I'm getting a BSOD with "Unmountable_Boot_Volume" error in Windows XP; I don't have the recovery disks (Panasonic Toughbook CF-48 laptop, if that helps), but it was suggested to me that the Hirens Boot CD might help.

After downloading and burning that, I am bewildered with the options. I have no idea where to start. Right now I'm running testdisk 6.12 WIP, but it seems to be stuck and going nowhere.

Any suggestions which features on Hirens might help, and how to navigate to these respective options? TIA.


----------



## spunk.funk (May 13, 2010)

*Re: Unmountable Boot Volume- how to fix with Hirens?*

First start off with the *Mini-XP*. Now click on the Command Prompt icon and here type *C:* and hit enter. The *X:\>* prompt should now turn to *C:\> *if not, your HDD might have failed. At the *C: *prompt type *chkdsk /F/R* and hit enter. The Check Disk utility will try and fix any file errors. You can also try the *HDD Regenerator* from the DOS programs.


----------



## osp001 (Nov 11, 2007)

*Re: Unmountable Boot Volume- how to fix with Hirens?*

I think the hard drive is toast; it was booting into Mini-XP, but now it's not.

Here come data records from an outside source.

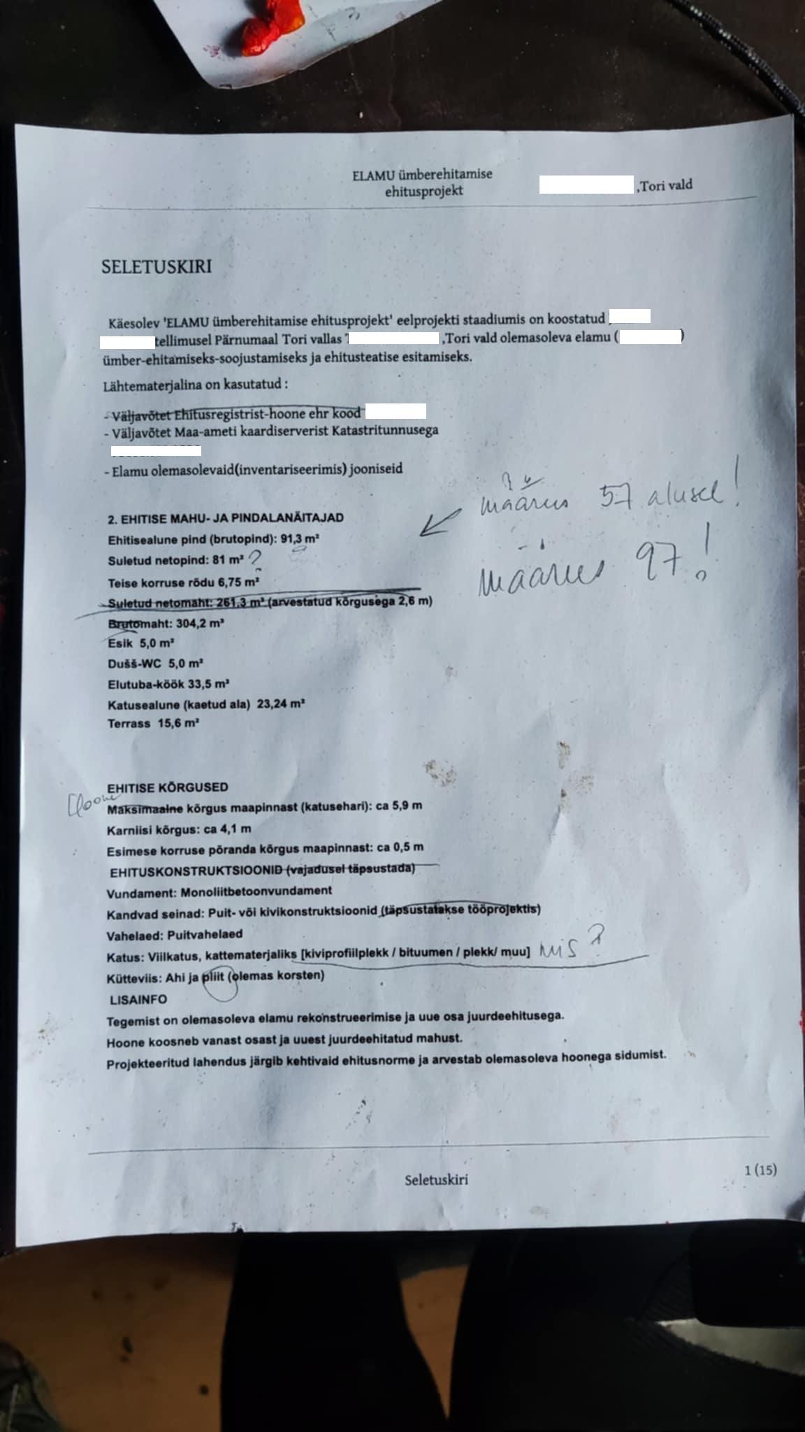P.S. Maja on algselt ehitatud 1920. aastal. Olen vana katuse maha lammutanud ja ehitanud teise korruse peale – nüüd on maja ka pikem. Olen koostanud ka seletuskirja, kuid see vajaks samuti ülevaatamist.
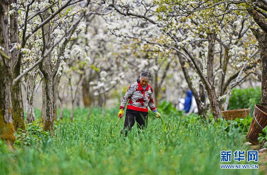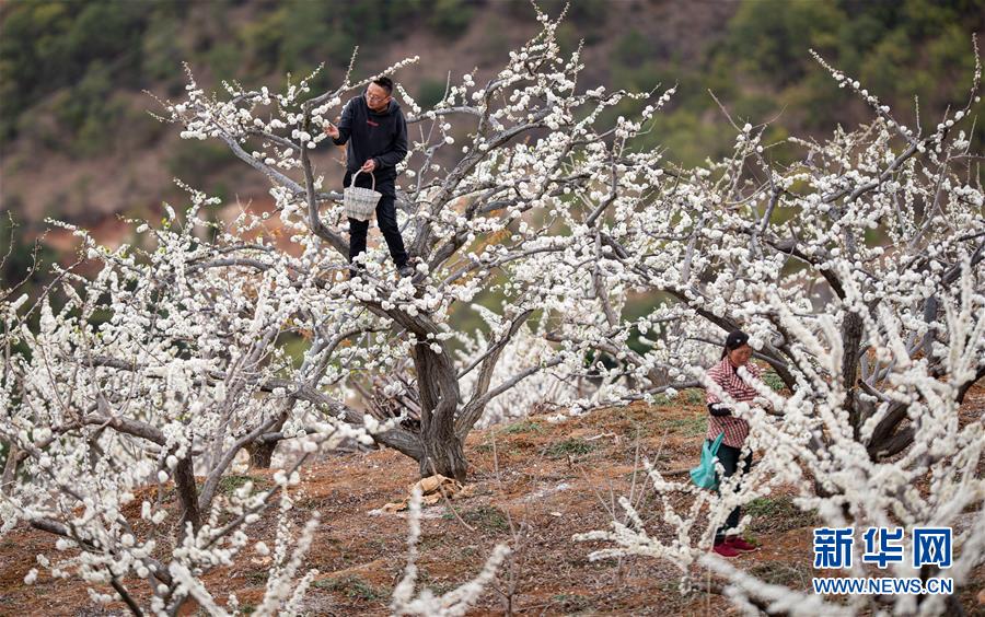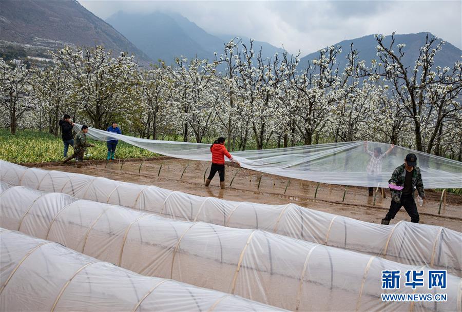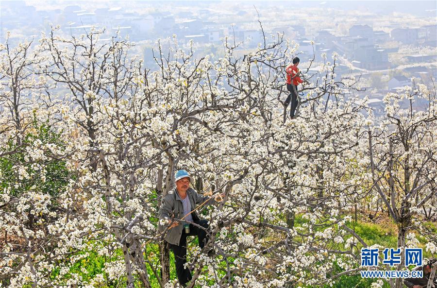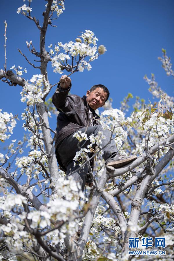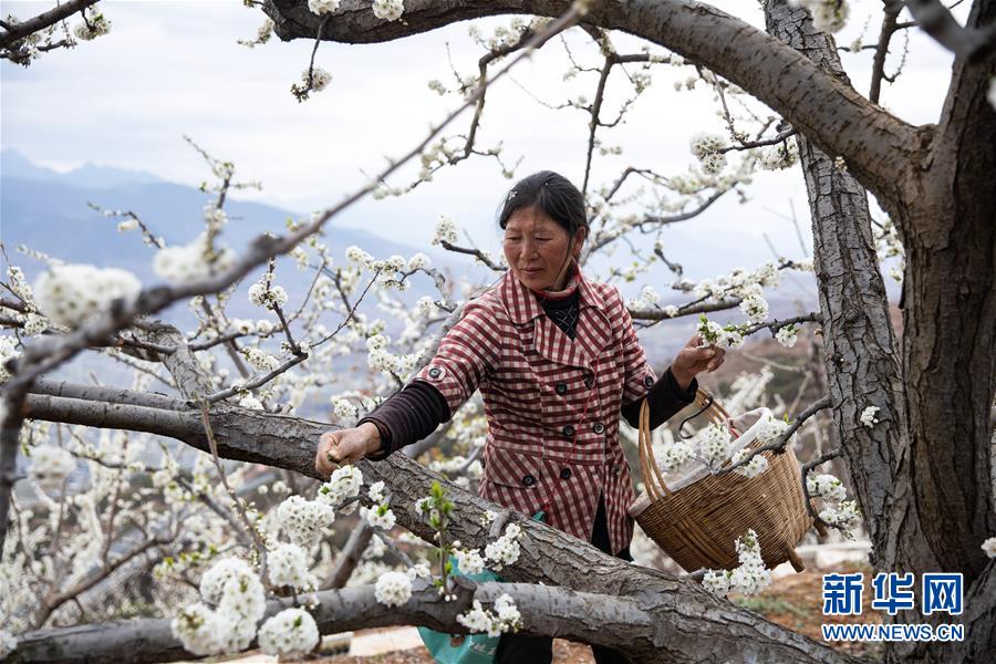 3月19日,漢源縣九襄鎮新堰村村民對梨花人工授粉。 隨著氣溫回升和春雨到來,四川省漢源縣九襄鎮等地的村民投入到疏花、人工授粉、育苗等農業勞動中。 新華社記者 江宏景 攝
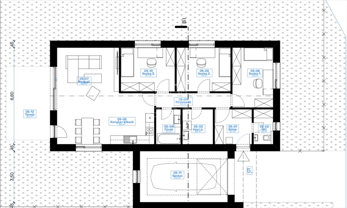 kertrész kb. 200 Nm. a garázs teteje monolit födém, járható,
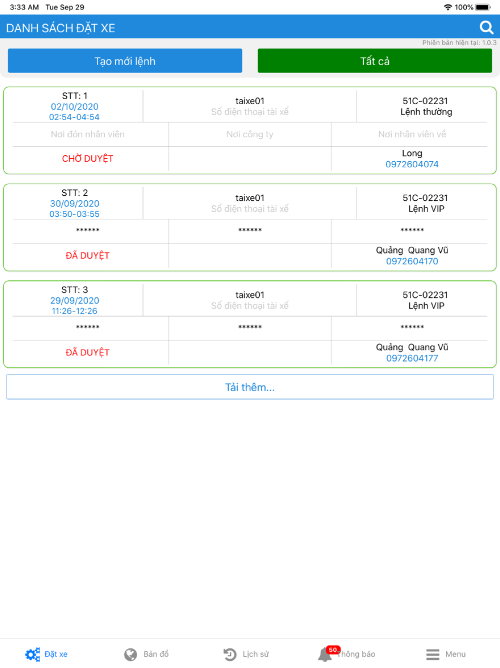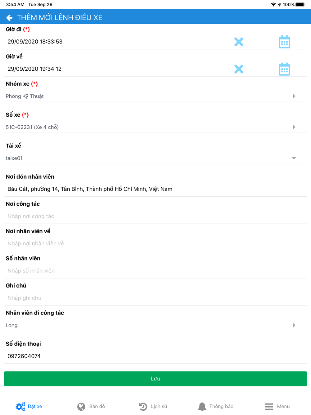 Đặt Xe Nội Bộ 1.1.1 Update
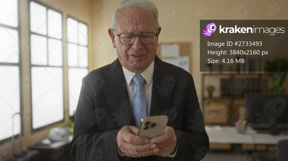 Senior man wearing a business suit looks at his phone in a modern office environment with a concerned expression, indicating possible work-related stress or digital communication issues. - Kraken Images
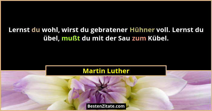 Lernst du wohl, wirst du gebratener Hühner voll. Lernst du übel, mußt du mit der Sau zum Kübel.
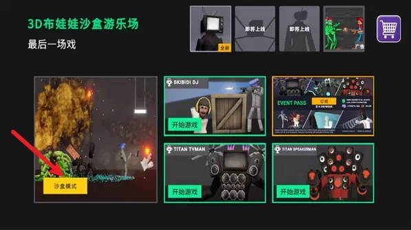 选择游戏模式(如沙盒建造、马桶人DJ合作、TITAN模式对战等)。
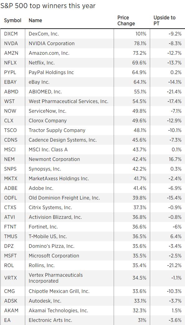 今年标普500指数成份股中的最大赢家是医疗器械公司DexCom(DXCM),该公司股价今年已上涨了101%,主要由第一季度高达980%的每股收益增长而推动。该公司表示,在疫情期间,看到了向远程医疗转移的好处。不过,分析师预计,在未来12个月内,DexCom将从目前水平下跌9%。
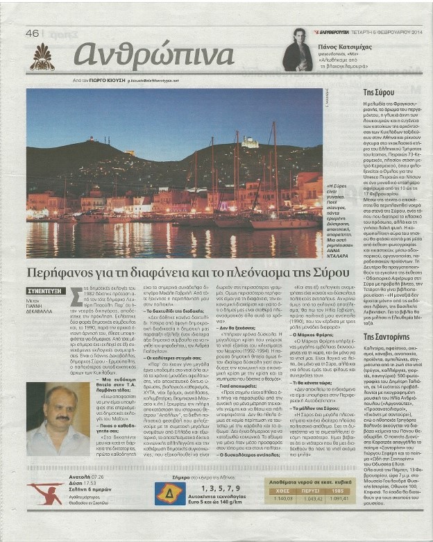 Προσωπική συνέντευξη του δημάρχου Σύρου – Ερμούπολης Γιάννη Δεκαβάλλα φιλοξενείται στην εφημερίδα “Ελευθεροτυπία”, η οποία δημοσιεύθηκε στο σημερινό φύλλο και παραχωρήθηκε στον δημοσιογράφο Γιώργο Κιούση.
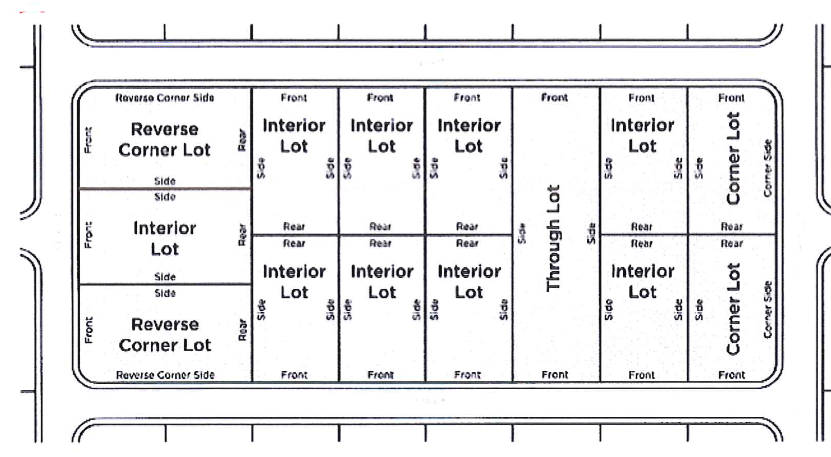 An interior lot is a lot other than a corner, reverse corner, or through lot, typically bounded by two interior side lot lines.
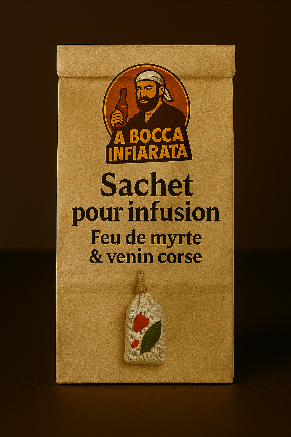 💬 Étiquette : « À Bocca Infiarata – Chjappata di l'Infernu – Piment, baies et feuilles de myrte – Sachet artisanal à usage unique ou semi-suicidaire »
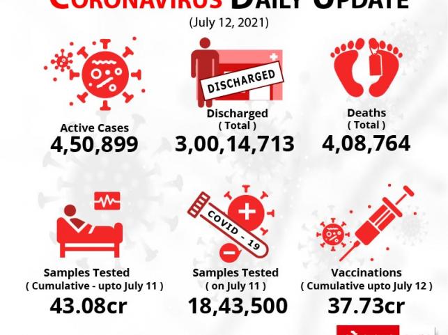 Total COVID-19 deaths in India now stand at 4,08,764 as per July 12 update. The mortality rate is now at 1.32 percent. Total number of tests done on July 11 were 14,32,343. India has vaccinated 37,73,52,501 till now.
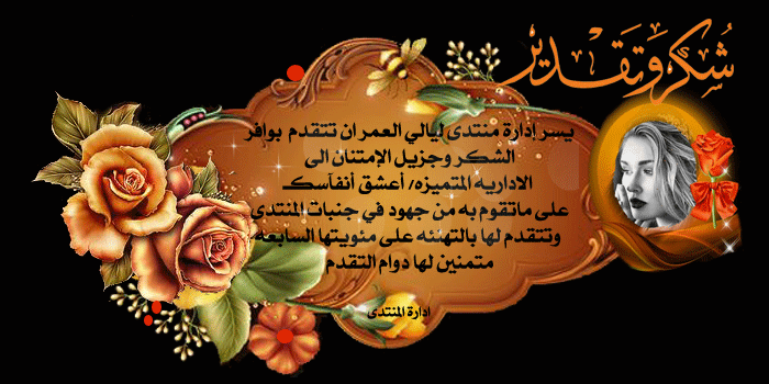 [ALIGN=CENTER][TABLETEXT="width:999px;background-image:url('https://www.khlgy.com/do.php?img=104138');"][CELL="filter:;"][ALIGN=center] تحيه معطرهـ".. بريح الـ ع ـــود والـ ع ــنبر و أجمل من المسگـ و الجوووري إخواني و أخواتي مازال الإبداع مستمر وهنا نرى شـ ع ــله النور" التي تلتمس بها طريق الإبداع" هنا نرى رائـعة التألق و التميز حضورها رائع و إبداعها مستمر و مواضيـ ع ــها جميله و مُتألقه اليوم معنا شخصيه جمعت بين الحضور و الإبداع ب أجمل العبارات و أروع الجمل رمز للعطاء ... بلا محدودية ... و لا مردود گ الشمس الساطعة ب قوة الحضور و جمال الگلمة و الوجود المعطر ب الحسن.. بها يتعطرالمكان بمؤيتها السابعه 700000 انها الرائعه أعشق انفاسكـ صاحبة الشخصيه الراقيه والمحبوبه وصاحبة الجهود والعطاء اللامحدود نقف مهنئين لها بمناسبة المئويه الجديده نقول لها من شغاف قلوبنا ألف ... ألف ... ألف ... مبروگـ صاحبة القلم المشرق الذي طالما اتحفنا بروائعه القلم الذي لايترگ مساحه إلا و رسم عليها أجمل الگلمات و أضاف لها أجمل الردود تأبى النفوس الشامخة إلا أن تصل إلى المعالي و تسمو إلى القمم فتتوالى مسيرة العطاء إلى أن يحين قطاف الثمر فيطيب المذاق و تتراگض الحروف مئويه عآمره ب گل قيم و مُفيد يتباهى بها منتدى ليالي العمر الــ مبروووووووووووگ ـف على ما وصلتي له مـن مُشارگات مفعمه ][ ب التألق و الإبـداع و التميز ] لتقدم لك باقة من مفردات التهنئة تفوح منها الأمنيات الصادقة".. بان يجعلها الله شاهدا لك لاعليك ومزيدا ان شاء الله من مئويات قادمه وانتي تتمتعين بثوب الصحه والعافيه الف الف مبرووووووك وتمنح شهادة شكر+وسام الالفيه+2000مشاركه ومثلها تقييم https://www.khlgy.com/do.php?img=104136 [/ALIGN][/CELL][/TABLETEXT][/ALIGN] |
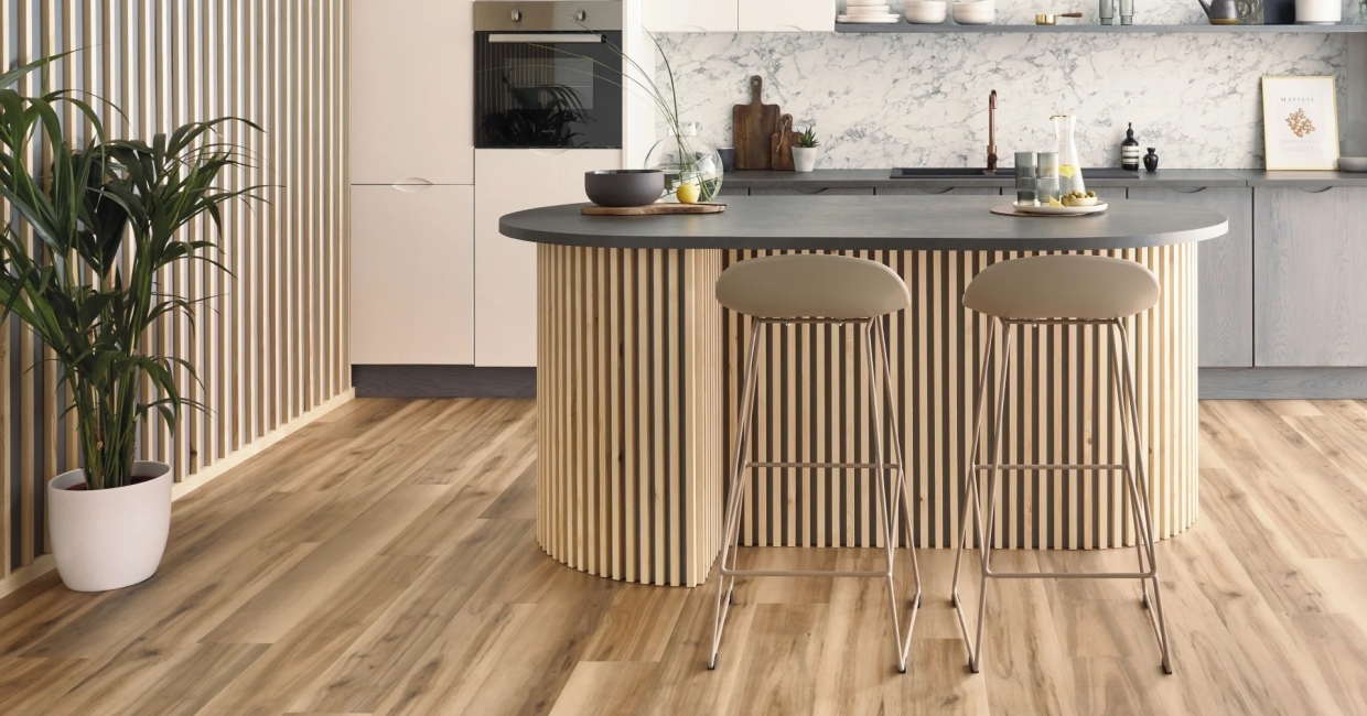 All décors feature highly realistic designs that look just like the wood and stone materials they’re inspired by – all benefiting from the durability and resilience of luxury vinyl that is scratch resistant, easy to clean and maintain, quiet underfoot and warm to the touch. They are:

So- I'm due for a new hard drive, I suppose. I found a website suggesting it's an ATA-6; does this mean any SATA drive will work? Never swapped out a laptop hard drive before. I get all confused about parts.


----------



## ImWrecked (Dec 17, 2010)

*Re: Unmountable Boot Volume- how to fix with Hirens?*

Most laptops have a built-in partition they can use to recover Windows, should anything go wrong. Can you access this?


----------



## dai (Jul 2, 2004)

*Re: Unmountable Boot Volume- how to fix with Hirens?*

the message usually means it cannot see the hard drive

is it listed in the bios ok

d/load and run the h/drive makers diagnostic utility on the h/drive

http://www.tacktech.com/display.cfm?ttid=287

if you don't know the brand run the hatachi one


----------



## osp001 (Nov 11, 2007)

*Re: Unmountable Boot Volume- how to fix with Hirens?*

I wanted to provide a quick update, and thank everyone for their help.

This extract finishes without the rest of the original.